Lines, Sines, and Curve Fitting 9 – Girma
y = (m*(x-1880) + b) + (A * cos(((x-1880)/T)*(2*pi)))
intercept (1880) b = -0.53
slope m = 0.0059 C / yr
amplitude A = 0.3 C
period T = 60 years
Which he displays as such:
I’ve recharted Dr Orssengo’s graph as follows:
Dr Orssengo has commented here that his correlation is 0.88. However, using annualized HadCRUv3 data, the correlation I calculate from 1880-2009 is a bit lower at 0.87. However, just reducing the amplitude of the cosine to 0.25C increases the correlation to 0.89. I suspect that Girma fit his model by hand and did not seek to optimize the values used.
Dr Orssengo has put a lot of emphasis on the correlation of his model, and has allowed that if an equally simple model had a higher correlation that it would be a better model.

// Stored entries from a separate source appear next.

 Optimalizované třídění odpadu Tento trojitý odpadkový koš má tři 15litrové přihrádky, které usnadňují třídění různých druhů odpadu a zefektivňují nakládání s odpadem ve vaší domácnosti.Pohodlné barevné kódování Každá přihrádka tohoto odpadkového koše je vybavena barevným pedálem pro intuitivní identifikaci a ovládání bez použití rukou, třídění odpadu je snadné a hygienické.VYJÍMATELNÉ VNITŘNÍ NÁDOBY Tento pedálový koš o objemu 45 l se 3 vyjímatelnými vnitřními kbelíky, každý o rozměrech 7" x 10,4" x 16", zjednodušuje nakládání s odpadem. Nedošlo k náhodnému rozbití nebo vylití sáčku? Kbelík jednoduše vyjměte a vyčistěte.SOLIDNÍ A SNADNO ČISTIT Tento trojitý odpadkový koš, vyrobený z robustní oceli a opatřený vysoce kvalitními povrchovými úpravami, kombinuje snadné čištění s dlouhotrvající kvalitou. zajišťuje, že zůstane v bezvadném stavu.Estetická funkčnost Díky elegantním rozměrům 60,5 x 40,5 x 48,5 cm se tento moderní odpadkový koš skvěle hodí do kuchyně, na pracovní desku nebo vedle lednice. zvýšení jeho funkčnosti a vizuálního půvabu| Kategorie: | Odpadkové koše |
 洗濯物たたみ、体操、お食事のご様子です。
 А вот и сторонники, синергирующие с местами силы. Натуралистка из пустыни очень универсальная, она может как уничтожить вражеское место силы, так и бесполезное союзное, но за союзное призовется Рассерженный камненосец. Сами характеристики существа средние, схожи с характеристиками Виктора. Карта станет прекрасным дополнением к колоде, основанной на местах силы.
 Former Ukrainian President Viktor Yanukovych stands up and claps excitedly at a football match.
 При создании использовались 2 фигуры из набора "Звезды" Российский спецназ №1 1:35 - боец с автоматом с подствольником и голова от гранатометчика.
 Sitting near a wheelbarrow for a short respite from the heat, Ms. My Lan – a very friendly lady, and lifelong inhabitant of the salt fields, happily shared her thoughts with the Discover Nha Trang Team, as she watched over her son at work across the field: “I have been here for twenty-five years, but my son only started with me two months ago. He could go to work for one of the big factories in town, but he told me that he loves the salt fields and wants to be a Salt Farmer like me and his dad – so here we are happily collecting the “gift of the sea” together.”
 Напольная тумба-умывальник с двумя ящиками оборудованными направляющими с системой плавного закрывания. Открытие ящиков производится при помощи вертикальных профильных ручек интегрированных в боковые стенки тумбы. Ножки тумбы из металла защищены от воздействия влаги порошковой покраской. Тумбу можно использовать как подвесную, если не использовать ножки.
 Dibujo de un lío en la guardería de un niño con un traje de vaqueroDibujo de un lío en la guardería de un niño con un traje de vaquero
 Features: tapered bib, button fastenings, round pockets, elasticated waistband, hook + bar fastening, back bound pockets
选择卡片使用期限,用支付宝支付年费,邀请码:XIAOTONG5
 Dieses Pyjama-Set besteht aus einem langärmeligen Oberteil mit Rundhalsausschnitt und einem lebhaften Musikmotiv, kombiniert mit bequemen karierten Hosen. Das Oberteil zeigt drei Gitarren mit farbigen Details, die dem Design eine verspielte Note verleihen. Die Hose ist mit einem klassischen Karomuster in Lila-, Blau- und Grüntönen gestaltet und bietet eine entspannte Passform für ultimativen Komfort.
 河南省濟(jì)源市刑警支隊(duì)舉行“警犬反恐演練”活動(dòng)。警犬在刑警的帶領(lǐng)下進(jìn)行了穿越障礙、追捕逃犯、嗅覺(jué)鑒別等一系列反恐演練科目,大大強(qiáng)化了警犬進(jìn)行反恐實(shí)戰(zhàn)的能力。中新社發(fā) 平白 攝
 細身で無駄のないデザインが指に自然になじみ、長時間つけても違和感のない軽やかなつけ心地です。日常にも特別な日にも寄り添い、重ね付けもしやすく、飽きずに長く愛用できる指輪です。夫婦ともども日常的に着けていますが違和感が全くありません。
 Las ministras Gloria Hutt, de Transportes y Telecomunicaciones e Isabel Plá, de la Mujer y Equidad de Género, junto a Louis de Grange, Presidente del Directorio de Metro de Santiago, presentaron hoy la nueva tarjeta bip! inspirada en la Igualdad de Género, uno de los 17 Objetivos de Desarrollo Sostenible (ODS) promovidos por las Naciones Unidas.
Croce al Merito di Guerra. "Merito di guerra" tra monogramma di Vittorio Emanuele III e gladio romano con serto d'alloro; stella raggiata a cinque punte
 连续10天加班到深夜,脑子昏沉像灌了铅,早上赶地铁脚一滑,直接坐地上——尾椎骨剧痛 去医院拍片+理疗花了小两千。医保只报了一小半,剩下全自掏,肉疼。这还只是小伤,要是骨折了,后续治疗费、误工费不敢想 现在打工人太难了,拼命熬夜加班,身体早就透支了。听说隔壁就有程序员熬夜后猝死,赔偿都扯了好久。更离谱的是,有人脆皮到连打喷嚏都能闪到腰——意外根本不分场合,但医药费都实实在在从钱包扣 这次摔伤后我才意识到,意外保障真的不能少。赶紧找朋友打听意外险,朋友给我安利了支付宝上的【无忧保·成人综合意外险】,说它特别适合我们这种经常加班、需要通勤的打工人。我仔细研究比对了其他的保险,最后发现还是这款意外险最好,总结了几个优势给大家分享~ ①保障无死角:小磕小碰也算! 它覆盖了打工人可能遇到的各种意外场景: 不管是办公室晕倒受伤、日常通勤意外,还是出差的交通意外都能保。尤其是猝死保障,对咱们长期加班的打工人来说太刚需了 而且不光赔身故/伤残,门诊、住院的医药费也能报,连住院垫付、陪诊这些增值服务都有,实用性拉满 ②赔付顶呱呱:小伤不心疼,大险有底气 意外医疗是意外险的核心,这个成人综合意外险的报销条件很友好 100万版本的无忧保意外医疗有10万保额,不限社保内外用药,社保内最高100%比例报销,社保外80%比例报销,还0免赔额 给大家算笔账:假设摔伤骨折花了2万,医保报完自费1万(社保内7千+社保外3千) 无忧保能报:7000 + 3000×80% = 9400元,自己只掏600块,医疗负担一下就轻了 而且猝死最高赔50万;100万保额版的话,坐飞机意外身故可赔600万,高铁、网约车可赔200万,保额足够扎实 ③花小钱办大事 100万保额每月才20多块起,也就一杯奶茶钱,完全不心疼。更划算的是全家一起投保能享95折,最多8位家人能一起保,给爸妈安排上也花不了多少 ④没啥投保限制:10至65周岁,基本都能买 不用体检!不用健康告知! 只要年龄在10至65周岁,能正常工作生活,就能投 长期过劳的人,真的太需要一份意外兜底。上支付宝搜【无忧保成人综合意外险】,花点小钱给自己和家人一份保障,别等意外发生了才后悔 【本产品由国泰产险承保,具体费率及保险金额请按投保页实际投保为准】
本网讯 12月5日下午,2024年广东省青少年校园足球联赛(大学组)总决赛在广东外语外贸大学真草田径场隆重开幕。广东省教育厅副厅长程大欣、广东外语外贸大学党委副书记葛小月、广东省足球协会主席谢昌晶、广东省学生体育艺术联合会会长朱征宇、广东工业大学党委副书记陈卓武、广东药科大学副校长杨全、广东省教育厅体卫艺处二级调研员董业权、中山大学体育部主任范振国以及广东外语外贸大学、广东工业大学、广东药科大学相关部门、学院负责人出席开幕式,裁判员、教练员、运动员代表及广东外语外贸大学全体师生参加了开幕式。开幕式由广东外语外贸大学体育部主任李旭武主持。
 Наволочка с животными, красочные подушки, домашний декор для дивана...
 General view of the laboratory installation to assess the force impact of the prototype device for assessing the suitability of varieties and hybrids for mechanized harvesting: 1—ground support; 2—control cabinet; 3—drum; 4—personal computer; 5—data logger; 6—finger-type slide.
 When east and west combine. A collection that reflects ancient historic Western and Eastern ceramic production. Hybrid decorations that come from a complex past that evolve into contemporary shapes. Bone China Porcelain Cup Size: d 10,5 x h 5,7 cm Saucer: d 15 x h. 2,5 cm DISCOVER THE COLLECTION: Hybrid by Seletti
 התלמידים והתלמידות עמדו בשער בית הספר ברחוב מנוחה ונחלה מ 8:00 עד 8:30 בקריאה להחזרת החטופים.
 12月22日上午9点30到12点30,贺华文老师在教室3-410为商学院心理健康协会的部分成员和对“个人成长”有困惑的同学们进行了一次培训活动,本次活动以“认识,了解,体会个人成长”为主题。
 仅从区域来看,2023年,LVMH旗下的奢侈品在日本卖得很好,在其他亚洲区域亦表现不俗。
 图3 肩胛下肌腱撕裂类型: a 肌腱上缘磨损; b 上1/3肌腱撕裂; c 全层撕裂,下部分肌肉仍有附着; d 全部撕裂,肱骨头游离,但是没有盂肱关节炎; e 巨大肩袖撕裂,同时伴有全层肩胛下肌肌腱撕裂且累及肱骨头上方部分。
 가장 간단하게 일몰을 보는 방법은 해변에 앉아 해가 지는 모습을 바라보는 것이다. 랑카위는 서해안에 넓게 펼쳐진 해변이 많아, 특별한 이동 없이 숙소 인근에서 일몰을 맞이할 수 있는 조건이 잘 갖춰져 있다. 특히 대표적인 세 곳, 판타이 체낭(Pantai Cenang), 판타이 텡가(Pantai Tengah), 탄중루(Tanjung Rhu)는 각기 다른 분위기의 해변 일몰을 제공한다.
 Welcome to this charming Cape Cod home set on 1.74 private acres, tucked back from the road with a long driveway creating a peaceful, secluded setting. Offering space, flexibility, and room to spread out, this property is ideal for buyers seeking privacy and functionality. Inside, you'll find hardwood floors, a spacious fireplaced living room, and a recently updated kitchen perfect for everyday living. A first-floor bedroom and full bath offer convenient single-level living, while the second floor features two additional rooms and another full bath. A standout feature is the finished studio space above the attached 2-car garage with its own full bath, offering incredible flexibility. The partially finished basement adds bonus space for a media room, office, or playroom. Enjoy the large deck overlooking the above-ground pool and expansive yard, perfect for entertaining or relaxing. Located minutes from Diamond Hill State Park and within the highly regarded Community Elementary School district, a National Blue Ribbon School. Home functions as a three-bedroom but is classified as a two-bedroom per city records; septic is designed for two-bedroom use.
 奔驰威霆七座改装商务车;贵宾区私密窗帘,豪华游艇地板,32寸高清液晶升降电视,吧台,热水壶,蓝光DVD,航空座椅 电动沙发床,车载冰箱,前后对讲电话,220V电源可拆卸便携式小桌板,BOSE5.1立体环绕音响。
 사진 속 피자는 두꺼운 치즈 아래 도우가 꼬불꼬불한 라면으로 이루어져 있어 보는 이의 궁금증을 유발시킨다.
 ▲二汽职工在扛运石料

I now present a simple model based on the same data with a higher correlation.
First a simple exponential trend.
y1 = -a/100 + b/100 * exp((k/10000)*(x-1880))
a <- 44.40
b <- 6.02
k <- 211
This model has a correlation of 0.89 for HadCRU, but 0.90 for NCDC, and 0.91 for GISTEMP all through 2009. Since HadCRU is the data set that Dr Orssengo used, we will judge on the correlation against it. And 0.89 is higher than the 0.88 that Girma has calculated for his model or the 0.87 that I calculated for it.
Based on the criteria that the best correlation makes the best model, my exponential warming model beats Dr Orssengo’s line+sine model.
Will the model hold … no, it will probably not. That will be a whole bunch of warming if it does!
To be fair, Dr Orssengo points out that the future is a better filter for selecting models than correlation. I’ll address that – with a slightly better model-of-fit – in a couple of days.
And one more note. While curve fitting is fun, divorced of a physical explanation, they aren’t much more than fun. What drives the linear (or exponential) trend? What drives the 60 year sine? Without knowing these, the mathematical model is a sterile construct.